Material for this task:
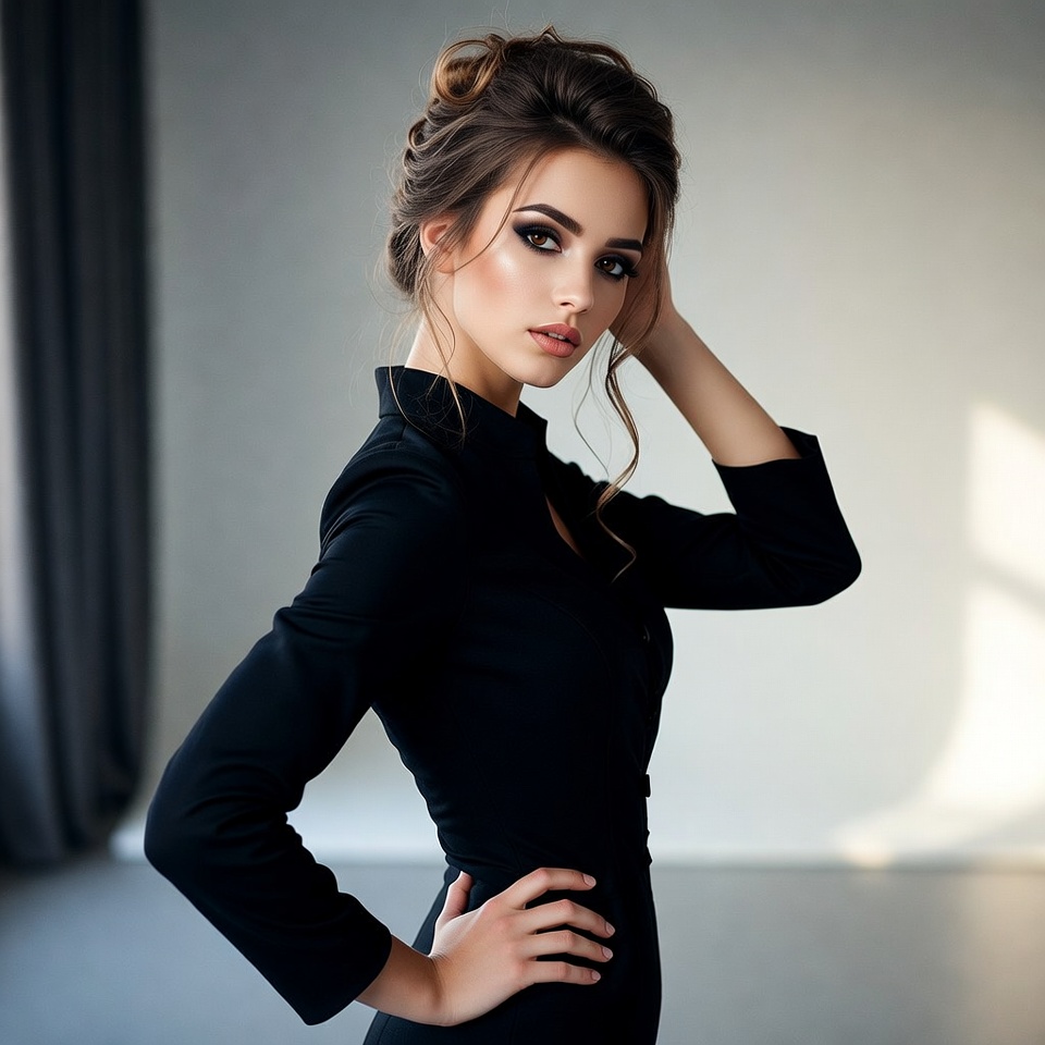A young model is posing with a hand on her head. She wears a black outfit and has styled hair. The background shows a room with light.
---
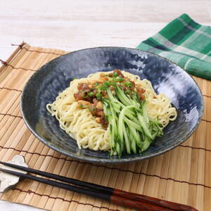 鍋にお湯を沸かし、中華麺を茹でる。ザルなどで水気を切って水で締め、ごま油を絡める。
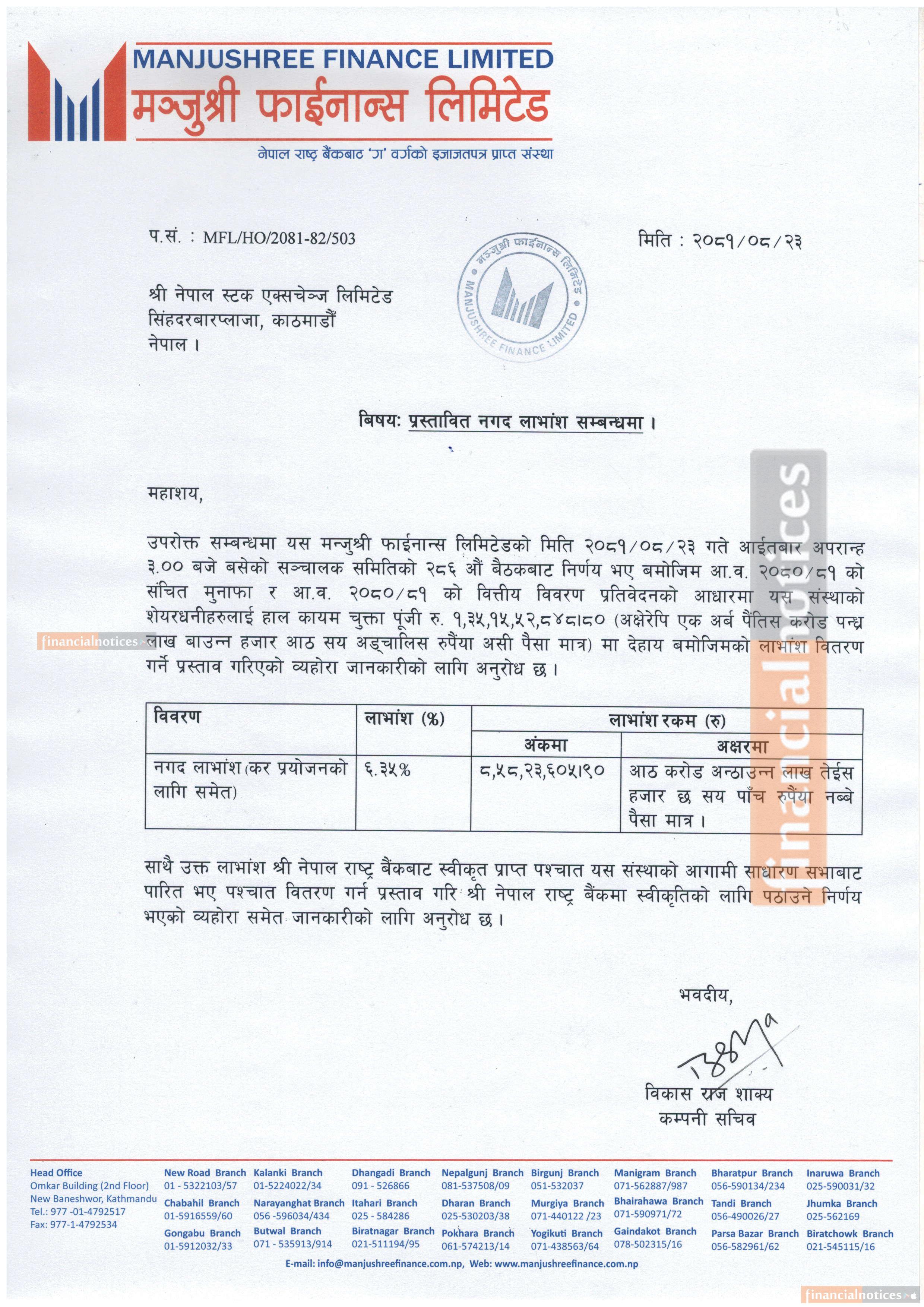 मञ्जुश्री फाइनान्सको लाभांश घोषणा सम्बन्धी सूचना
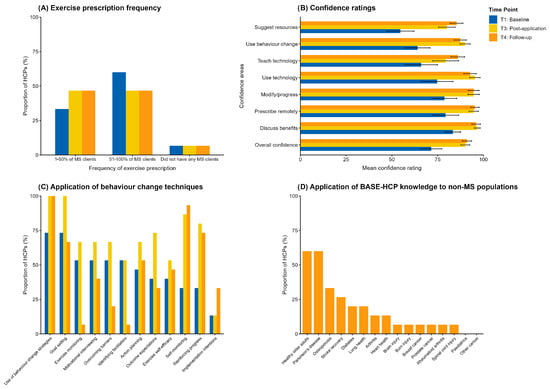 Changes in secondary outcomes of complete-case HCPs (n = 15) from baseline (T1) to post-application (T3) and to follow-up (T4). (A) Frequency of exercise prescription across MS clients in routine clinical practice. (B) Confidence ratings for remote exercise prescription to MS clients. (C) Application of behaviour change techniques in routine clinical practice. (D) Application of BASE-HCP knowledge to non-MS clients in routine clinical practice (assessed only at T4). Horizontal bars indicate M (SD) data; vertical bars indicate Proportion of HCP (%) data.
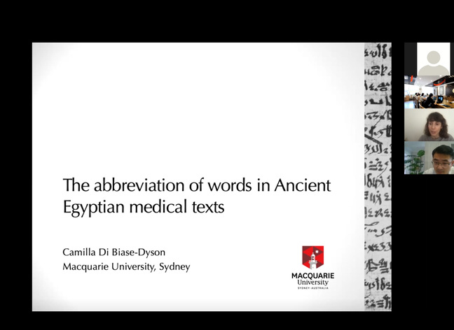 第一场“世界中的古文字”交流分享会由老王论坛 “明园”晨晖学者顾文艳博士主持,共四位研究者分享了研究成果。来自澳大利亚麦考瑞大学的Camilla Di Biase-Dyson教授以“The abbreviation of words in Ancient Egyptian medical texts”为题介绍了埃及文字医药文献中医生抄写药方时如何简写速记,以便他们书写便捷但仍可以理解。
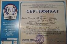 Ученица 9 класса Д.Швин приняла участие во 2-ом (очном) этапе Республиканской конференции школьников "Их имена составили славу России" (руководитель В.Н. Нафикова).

Activity:
Above, find the line holding "Changes in secondary" and the line holding "Ученица 9 класса". Print exactly those two lines and every line between them, but no pictures.

Solved exercise:
 Changes in secondary outcomes of complete-case HCPs (n = 15) from baseline (T1) to post-application (T3) and to follow-up (T4). (A) Frequency of exercise prescription across MS clients in routine clinical practice. (B) Confidence ratings for remote exercise prescription to MS clients. (C) Application of behaviour change techniques in routine clinical practice. (D) Application of BASE-HCP knowledge to non-MS clients in routine clinical practice (assessed only at T4). Horizontal bars indicate M (SD) data; vertical bars indicate Proportion of HCP (%) data.
 第一场“世界中的古文字”交流分享会由老王论坛 “明园”晨晖学者顾文艳博士主持,共四位研究者分享了研究成果。来自澳大利亚麦考瑞大学的Camilla Di Biase-Dyson教授以“The abbreviation of words in Ancient Egyptian medical texts”为题介绍了埃及文字医药文献中医生抄写药方时如何简写速记,以便他们书写便捷但仍可以理解。
 Ученица 9 класса Д.Швин приняла участие во 2-ом (очном) этапе Республиканской конференции школьников "Их имена составили славу России" (руководитель В.Н. Нафикова).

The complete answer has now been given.